Instructions for the task –
The pictures in the data below are to be omitted; all else must be duplicated exactly.

___ Exercise data

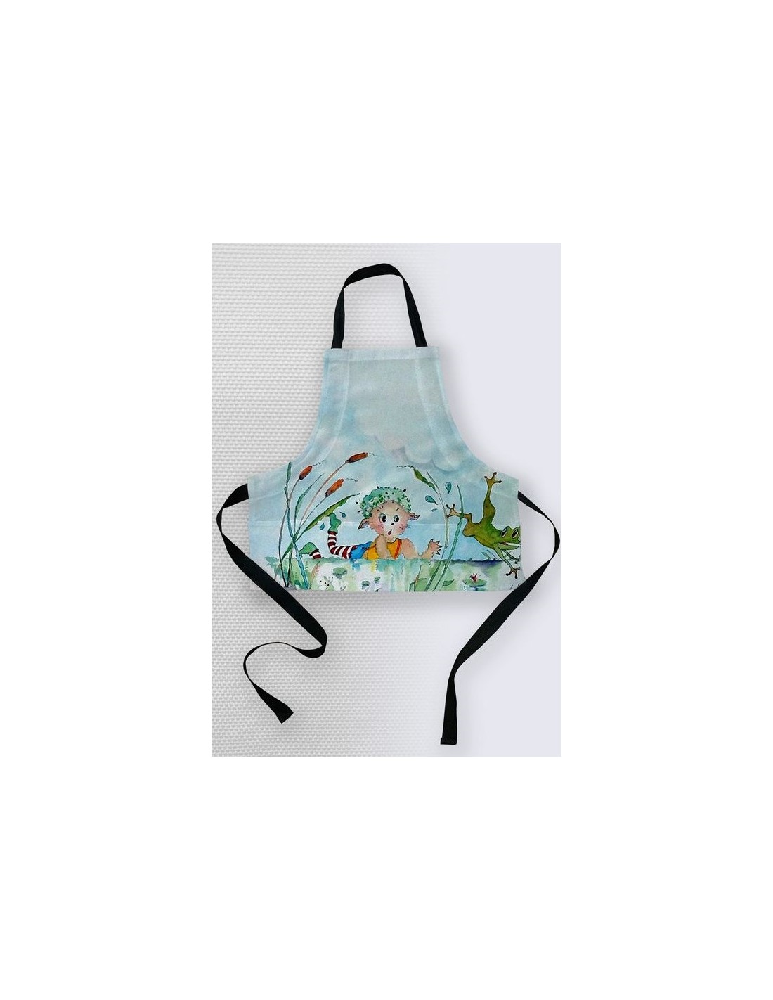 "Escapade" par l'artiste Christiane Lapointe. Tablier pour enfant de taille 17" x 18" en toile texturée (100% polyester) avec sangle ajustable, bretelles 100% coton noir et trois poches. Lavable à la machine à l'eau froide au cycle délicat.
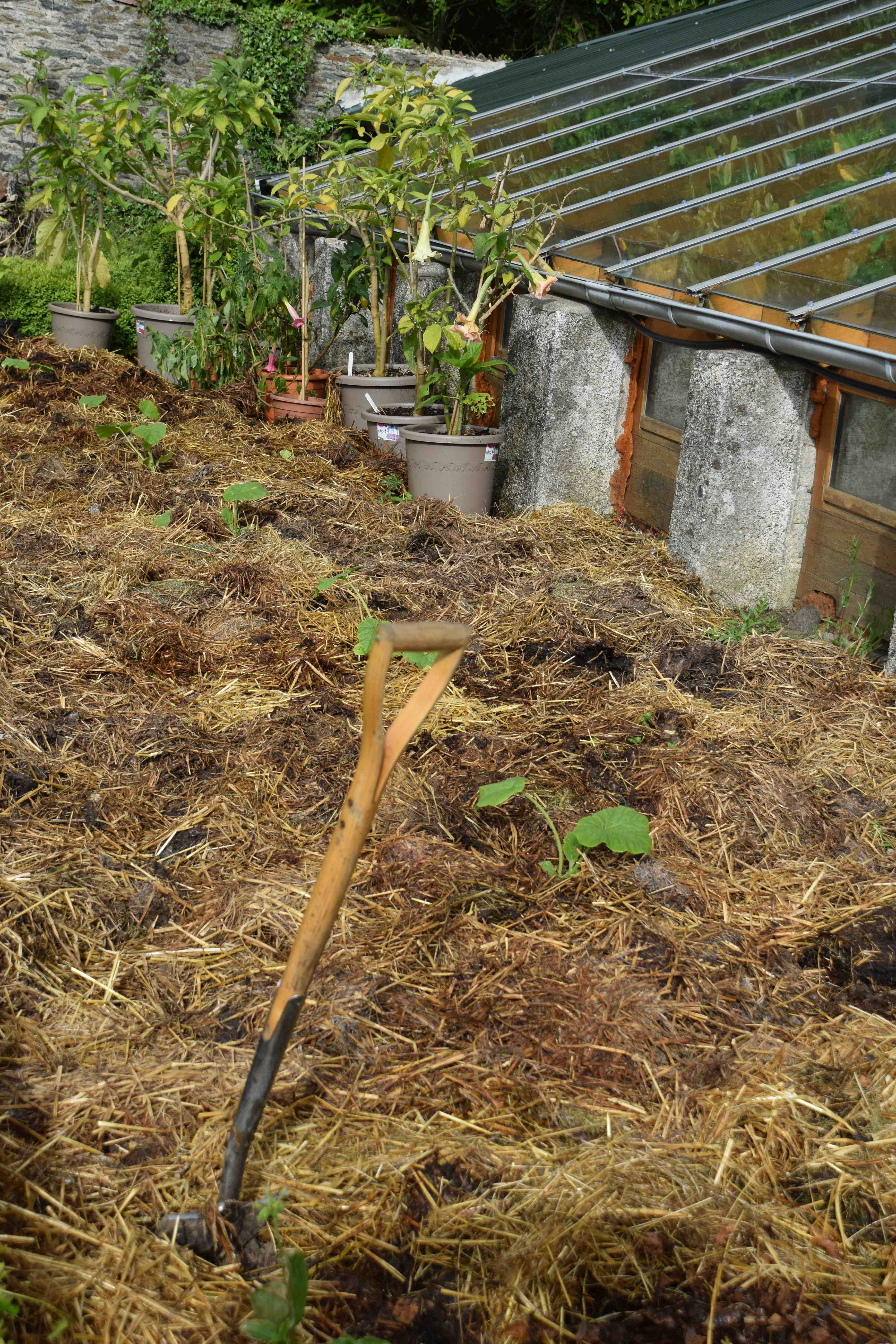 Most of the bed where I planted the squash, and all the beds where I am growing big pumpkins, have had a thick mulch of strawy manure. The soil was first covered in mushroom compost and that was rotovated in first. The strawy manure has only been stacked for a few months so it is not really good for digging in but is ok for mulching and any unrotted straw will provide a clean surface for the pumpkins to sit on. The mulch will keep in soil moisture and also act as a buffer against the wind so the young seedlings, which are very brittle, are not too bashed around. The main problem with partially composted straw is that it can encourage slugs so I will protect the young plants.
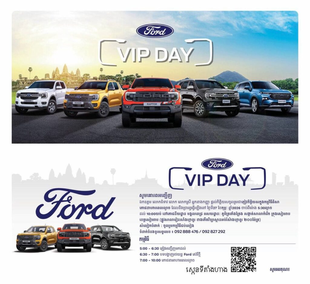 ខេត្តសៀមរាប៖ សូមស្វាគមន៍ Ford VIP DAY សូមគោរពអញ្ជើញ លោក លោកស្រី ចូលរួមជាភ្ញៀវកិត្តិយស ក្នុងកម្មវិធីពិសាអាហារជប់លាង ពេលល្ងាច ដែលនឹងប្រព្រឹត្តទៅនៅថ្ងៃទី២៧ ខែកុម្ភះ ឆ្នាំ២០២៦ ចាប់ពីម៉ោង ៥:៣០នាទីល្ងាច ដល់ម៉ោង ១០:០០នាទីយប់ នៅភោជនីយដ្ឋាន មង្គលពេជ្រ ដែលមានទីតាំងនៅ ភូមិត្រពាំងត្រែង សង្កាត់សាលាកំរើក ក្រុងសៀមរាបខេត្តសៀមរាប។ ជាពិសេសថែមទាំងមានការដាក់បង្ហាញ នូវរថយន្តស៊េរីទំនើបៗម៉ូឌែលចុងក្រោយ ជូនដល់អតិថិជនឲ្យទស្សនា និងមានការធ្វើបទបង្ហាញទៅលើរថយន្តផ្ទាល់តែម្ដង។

______

Response for this exercise –
 "Escapade" par l'artiste Christiane Lapointe. Tablier pour enfant de taille 17" x 18" en toile texturée (100% polyester) avec sangle ajustable, bretelles 100% coton noir et trois poches. Lavable à la machine à l'eau froide au cycle délicat.
 Most of the bed where I planted the squash, and all the beds where I am growing big pumpkins, have had a thick mulch of strawy manure. The soil was first covered in mushroom compost and that was rotovated in first. The strawy manure has only been stacked for a few months so it is not really good for digging in but is ok for mulching and any unrotted straw will provide a clean surface for the pumpkins to sit on. The mulch will keep in soil moisture and also act as a buffer against the wind so the young seedlings, which are very brittle, are not too bashed around. The main problem with partially composted straw is that it can encourage slugs so I will protect the young plants.
 ខេត្តសៀមរាប៖ សូមស្វាគមន៍ Ford VIP DAY សូមគោរពអញ្ជើញ លោក លោកស្រី ចូលរួមជាភ្ញៀវកិត្តិយស ក្នុងកម្មវិធីពិសាអាហារជប់លាង ពេលល្ងាច ដែលនឹងប្រព្រឹត្តទៅនៅថ្ងៃទី២៧ ខែកុម្ភះ ឆ្នាំ២០២៦ ចាប់ពីម៉ោង ៥:៣០នាទីល្ងាច ដល់ម៉ោង ១០:០០នាទីយប់ នៅភោជនីយដ្ឋាន មង្គលពេជ្រ ដែលមានទីតាំងនៅ ភូមិត្រពាំងត្រែង សង្កាត់សាលាកំរើក ក្រុងសៀមរាបខេត្តសៀមរាប។ ជាពិសេសថែមទាំងមានការដាក់បង្ហាញ នូវរថយន្តស៊េរីទំនើបៗម៉ូឌែលចុងក្រោយ ជូនដល់អតិថិជនឲ្យទស្សនា និងមានការធ្វើបទបង្ហាញទៅលើរថយន្តផ្ទាល់តែម្ដង។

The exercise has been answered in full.